The chorus of familiar voices from the “anti-imperialist” spectrum of the international public discourse proclaiming that Slobodan Milošević has been “exonerated by the ICTY” has recently been joined by John Pilger, an award-winning journalist and film maker, known for his fierce criticism of American and British foreign policies.

In his piece titled “Provoking nuclear war with media” Pilger writes that “The International Criminal Tribunal for the former Yugoslavia (ICTY) in The Hague has quietly cleared the late Serbian president, Slobodan Milošević, of war crimes committed during the 1992-95 Bosnian war, including the massacre at Srebrenica.” The rest of his text is a mix of outlandish accusations and often contradictory claims which paint Milošević as an innocent victim of the western “liberal warmongering establishment,” whose demise supposedly cleared the path for similar demonization of others like Bashar al-Assad and Vladimir Putin.

Pilger’s article echoes a similar piece penned for Russia Today by Neil Clark, adequately titled “Milošević exonerated, as the NATO machine marches on”. In it, Clark also claims that Milošević was exonerated and laments that “one of the most demonized figures of the modern era was innocent of the most heinous crimes he was accused of, really should have made headlines across the world. But it hasn‘t.” As the title indicates, the premise is identical to that of Pilger’s article: “In order to punish Milošević and to warn others of the consequences if they dared to oppose US power, history had to be re-written.”

Both Pilger and Clark base their claims on the article authored by Andy Wilcoxson, published on a website with a telling domain of www.slobodan-milosevic.org and the following statement of philosophy: “Slobodan Milošević was not just a man. He is the conduit through whom the Serbian nation is collectively accused of the bloodshed in the former Yugoslavia. No defence of the Serbian people is possible without first refuting the allegations against Slobodan Milosevic.” The website is the contemporary iteration of the “Slobodan Milošević Freedom Center,” a project established to support Milosevic’s defense in The Hague, with Andy Wilcoxson named as the project’s reporter and researcher. In addition, Wilcoxson is an associate of “Srebrenica Historical Project,” an undertaking funded by the government of Republika Srpska and focused solely on denial of genocide committed in and around Srebrenica by Serb forces.

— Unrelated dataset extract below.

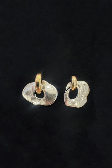 Een asymmetrisch duo gemaakt van zilver en goud.Handgemaakt in ons atelier in Rotterdam.

Usually, no person with a degree of respect for her/his time and energy would engage in refuting these baseless constructions coming from sources of such questionable credibility. This is not the first time that crimes committed by Milošević and his co-perpetrators in Bosnia and Herzegovina, Kosovo and Croatia are subject to denial by international circles, which at different times included a truly colorful array of characters. From the famous “International Committee to Defend Slobodan Milosevic” headed by Michael Parenti and Ramsey Clark, to the likes of Noam Chomsky and Harold Pinter. Facts always seemed to matter less to this group than a misguided notion that Milošević was some sort of a socialist hero who stood up to the evil imperialism of America and the “NATO war machine.” Often driven by the motto of “America’s enemy must be my friend,” such interventions ignored or outright denied inconvenient facts about systemic crimes orchestrated by Milošević, his killings of political opponents in Serbia or plunder of enormous amounts from the state coffers. But such is the unfortunate state of the “international left” that engaging in polemics about such nonsensical assertions never drew more than a sigh of resignation on my part.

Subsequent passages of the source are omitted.